• Telecom giant sees future in broadband, not traditional cable
  • Sale of FiOS business possible in the future, analysts say

Verizon Communications Inc. is plotting a new strategy for video as its slow-growing FiOS TV business looks increasingly like a costly relic of the cable era and out of step with the trend toward “skinny bundles” and streaming video.

When Verizon reports earnings Thursday, the results could show the smallest gain in video subscribers since FiOS launched 11 years ago. And there are signs customers could start to drop the service, said Mike McCormack, an analyst at Jefferies LLC.

“It’s possible at some point in the near future that they could go negative on subscriber growth and that would be when people start to raise questions about the long-term role of the TV network,” McCormack said.

While Verizon’s broadband Internet business continues to grow, the slowdown of FiOS TV highlights the pressures facing pay-TV providers as consumers migrate to online-streaming offerings like Netflix Inc. and Amazon.com Inc. and forgo cable and satellite packages all together.

This shift in the TV landscape also adds to the challenges facing the company’s landline unit, which is losing phone customers and is in a pitched battle with cable operators like Comcast Corp. for Internet subscribers. Its network is costly to maintain in part because of labor costs, which is why Verizon is currently in a standoff with unions on a new contract.

For years, FiOS TV was the key component of a “triple play” bundle offering that lured millions of subscribers away from those same cable competitors. But with high programming fees, outdated technology and expansion plans on hold for six years, Verizon is changing its strategy to provide Internet TV, or IPTV.

“The model is shifting rapidly,” Tami Erwin, Verizon’s senior vice president of consumer products, said in an interview. Consumers don’t want “a continuation of bloated packages,” she said. Rather, the idea is to get the shows people want, when they want them, to the devices they’re using.

Unlike cable systems that deliver thousands of channels to households as if via a fire hose, an IPTV service sends only the program a customer selects.

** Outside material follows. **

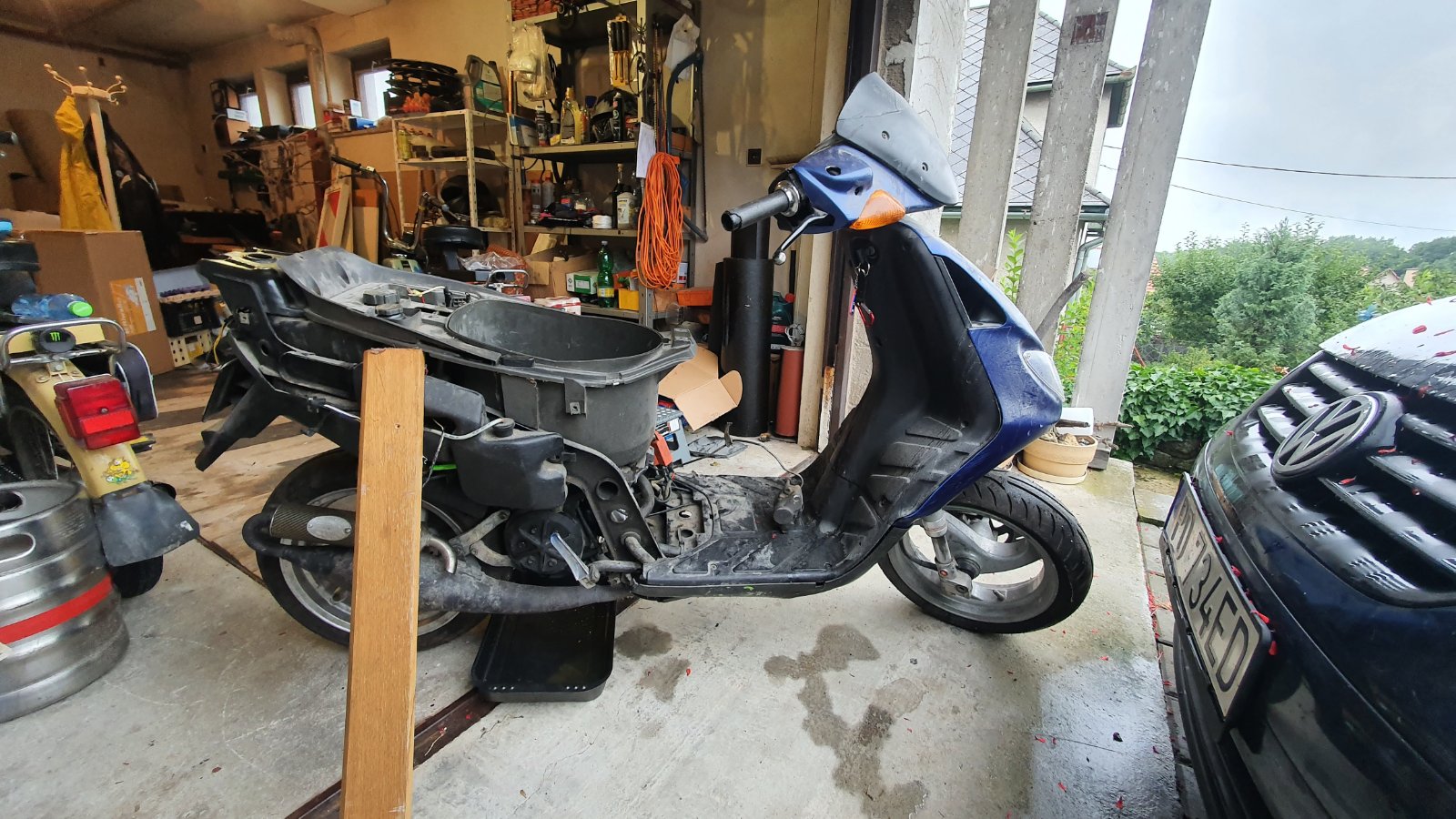 Tak priatelia. Kupil som hracku. A to piaggio nrg mc3 lc, ktore bolo v stave: ram + plasty a dve krabice zeleza. V motore su nove loziska a gufera na kluke a loziska a gufera na prevodoch.

For Verizon, which gained a foothold in IPTV with its acquisition of Intel’s OnCue video streaming technology, that saves a ton of bandwidth. For the consumer, that means faster Internet speeds.

Erwin sees the new video service playing an important part in the company’s faster-growing broadband sales. She declined to provide specifics on what the new IPTV service might look like or when it might be formally introduced, only that the service will “drive simplification and put the power in consumers’ hands.” LightReading originally reported that Verizon had plans for an IPTV service last week.

Mobile Shift

FiOS TV will continue to be a drag on profits since it doesn’t have the audience size to bargain for lower programming rates, said McCormack, the Jefferies analyst.

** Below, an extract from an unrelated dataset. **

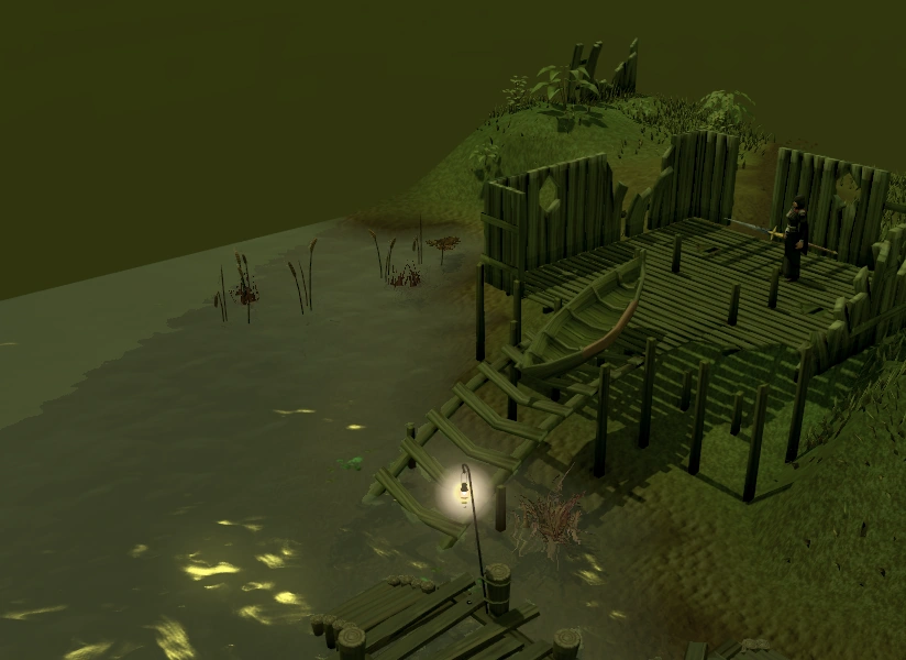 Leave the basement and go south-east to a dilapidated hut with a boat in it. It is south of the furnace. Be careful around the boat shed and the sea end of the wall as Vyrewatch hang around there - two Vyrewatch at the boat shed and three at the wall. You will need to repair the boat using a plank and 4 nails of any metal. You will then need to repair the launching chute with the same materials. Push the boat and it will slide down the chute into the water.

“I’m not sure operating a sub-scale video business is such a great idea,” he said. Verizon has some options, including selling the TV unit or merging it with satellite-TV provider Dish Network Corp., McCormack said.

Verizon has sold several of its landline businesses over the past eight years, including FiOS operations in three states just last month, as the company stakes its future on mobile services like video and advertising. The company has been acquiring content and digital-video advertising assets to rapidly expand its mobile-streaming business, a strategy that has sparked its interest in buying Yahoo! Inc. The carrier is on the short list of bidders to acquire the struggling Web company, which also includes private-equity firm TPG and YP Holdings, Bloomberg News has reported.

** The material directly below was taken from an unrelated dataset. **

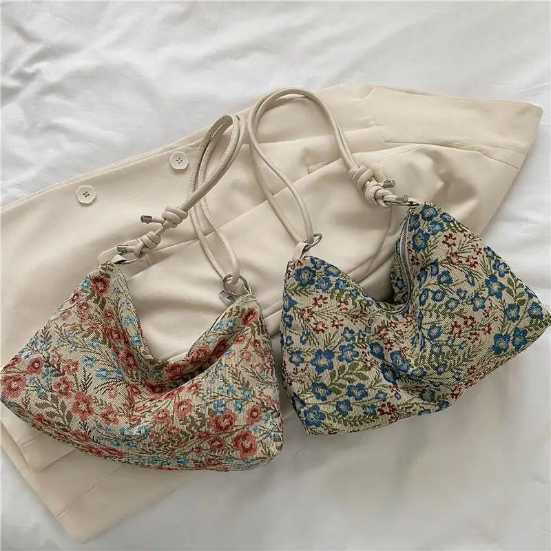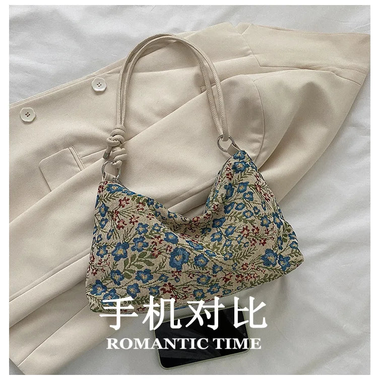 This stylish canvas shoulder bag features a beautiful floral print, making it perfect for adding a pop of color to your outfit.

“FiOS is profitable, but not as profitable as wireless,” said Roger Entner, an analyst at Recon Analytics LLC. “It might take a few years, but I would expect them to sell FiOS.”

The company, meanwhile, is helping Boston update its communications infrastructure. The plan is to bring broadband to low-income neighborhoods, with FiOS TV slated to be offered following a licensing process with the city.

Through fiber connections to cell towers, Verizon’s wired network provides its wireless unit a critical infrastructure. And with the rise of online-TV streaming over broadband, “Verizon has a lot more options than it did a few years ago,” Erwin said. That makes selling the FiOS Internet business less attractive, she said.

“This is still a business we want to be in,” Erwin said. “The Northeast corridor is vital fiber broadband asset to us.”